A softwood like pine will burn fast and hot, so it can take the chill out of a cool morning, but it goes out pretty quick so you are less likely to experience overheating. The added benefit of using a bit of softwood is that if you're in a wooded area most people are happy to have any felled softwood carted away for free. Only do this if you find splitting and stacking wood to be as enjoyable a way to get excercise as going to a spin class :)
Any thoughts on hybrid fireplaces (can do either gas or wood)?
Thank you for this article! This is a very tricky decision. Me and my husband have been contemplating whether a hybrid or traditional wood fireplace is the best option. We live in the city. Therefore buying new wood for the oven might be too tricky or inconvenient. I am also uncertain where to stack all the wood so this is really helpful.

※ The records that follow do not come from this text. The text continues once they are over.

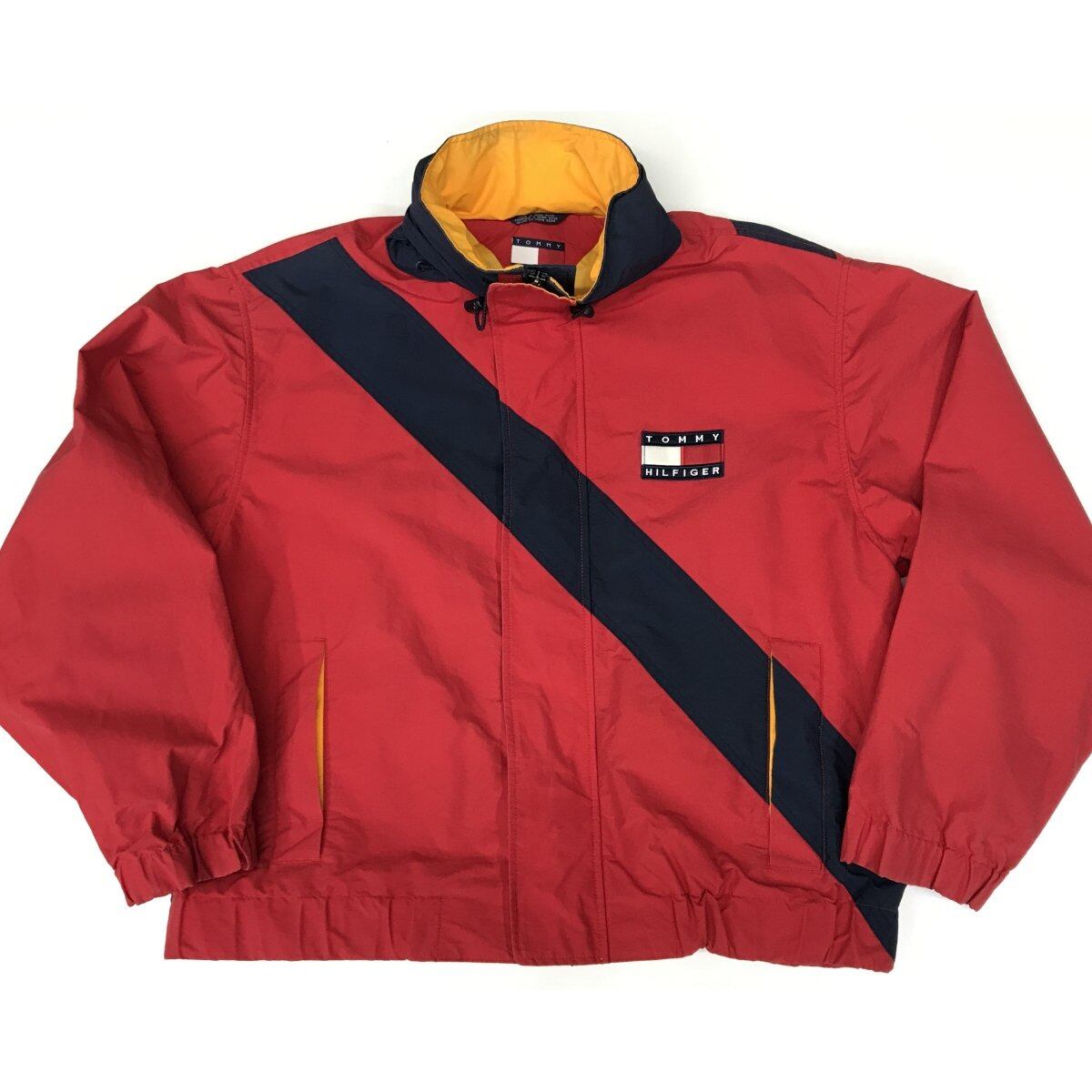 TOMMY HILFIGER トミーヒルフィガー 90年代 バック刺繍 デカロゴ ナイロンパーカー メンズXXL以上 ビッグサイズ ナイロンセイリングジャケット
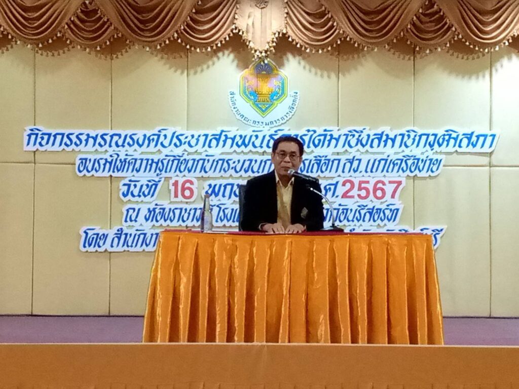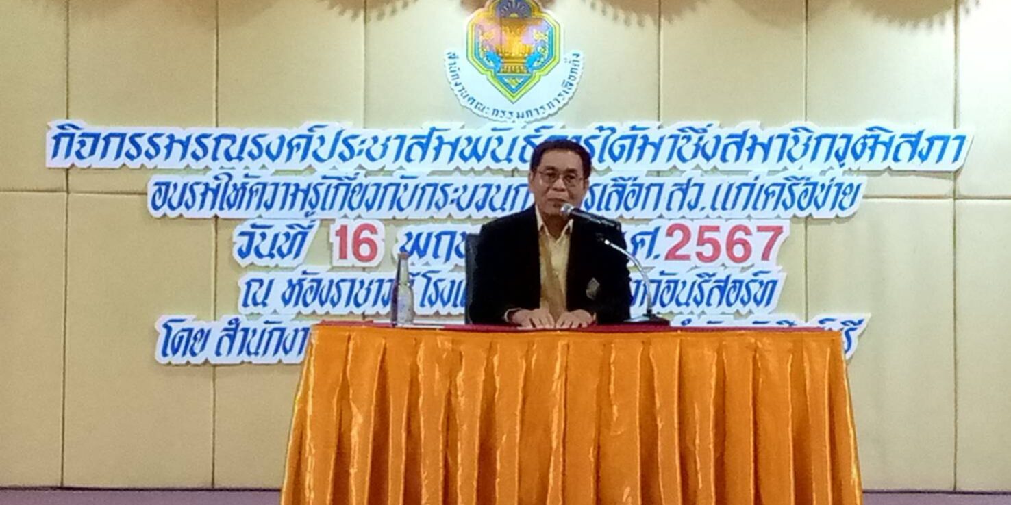 วันที่ 16 พฤษภาคม 2567 เวลา 08.30 น.สำนักงานคณะกรรมการการเลือกตั้งประจำจังหวัดสิงห์บุรี จัดกิจกรรมรณรงค์ประชาสัมพันธ์การได้มาซึ่งสมาชิกวุฒิสภา อบรมให้ความรู้เกี่ยวกับกระบวนการการเลือกสว.แก่เครือข่ายศูนย์ส่งเสริมประชาธิปไตยตำบล ( ศส.ปชต. ) โดยมี นายชฎิลทร เหล่าทา หัวหน้ากลุ่มงานจัดการเลือกตั้งและการมีส่วนร่วม เป็นประธานในพิธีเปิด และนายวิวัฒนากร ไชยะ หัวหน้ากลุ่มงานสืบสวนสอบสวนและพรรคการเมืองเป็นผู้กล่าวรายงาน มีผู้เข้าร่วมอบรมจำนวน 129 คน ณ ห้องราชาวดี โรงแรมโกลเด้นดราก้อนรีสอร์ท ต.ต้นโพธิ์ อ.เมืองสิงห์บุรี จ.สิงห์บุรี
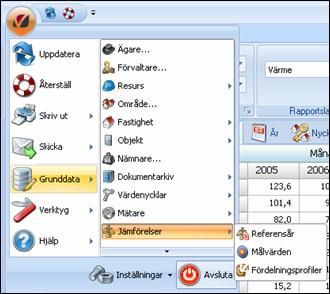 Det går att arbeta med målvärden och referensår i månadsrapporter. Dessa inställningar finns under Vitecknappen / Grunddata / Jämförelser. Här kan du bestämma ett referensår som du kan jämföra dina förbrukningar emot. Du kan även bestämma dina förbrukningsmål och arbeta med att uppnå dem.
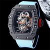 RM12-01 José Balvin Automatic Tourbillon Mens Watch RMF Black Carbon Fiber Skeleton Dial Blue Rubber Strap CHS AAA
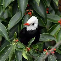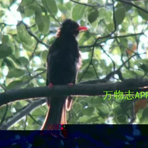 黑短脚鹎(学名:Hypsipetes leucocephalus):是鸟纲、鹎科的中型鸟类,体长22-26厘米。嘴鲜红色,脚橙红色,尾呈浅叉状。羽色有两种色型,一种通体黑色,另一种头、颈白色,其余通体黑色。野外特征极明显,容易识别。
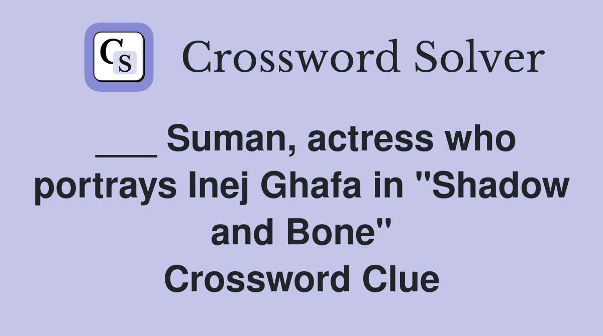 Suman actress who portrays Inej Ghafa in quot Shadow and Bone quot Crossword
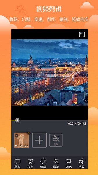 【视频编辑】 剪辑、编辑和合并视频,倒放,裁剪视频片段 从相册导入多段视频、图片,剪辑片段合辑 可以分享给朋友,随心所欲编辑视频特效
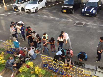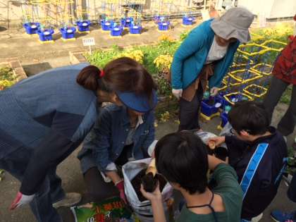 園芸委員会は,ボランティアの方々の指導のもとビオラのピット苗を黒いポットに移植しました☆

Loved this article. I never thought of burning softwood for a quick warmup! I too believed that softwood built up creosote. Fuel for thought haha
I'm surprized there is no mention of Masonry Heaters. We don't have one but our research has found its the most efficent of all and provides a nice even heat for a long period of time. Only needing a fire once or twice a day. Burns hot and fast. Determining the size of the Masonry heater within a super insulated house is the question. Hope to to build a near passive house in a few years and want to incorporate one as a backup heat/cooking source.
Good point Debra. There is so much out there we want to cover that we can't get it all up and loaded in as short a time as we would hope, masonry heaters is one such oversight. We'll get on it soon, thanks :)
What about Ethanol Biofuel? More eco-friendly that pellets?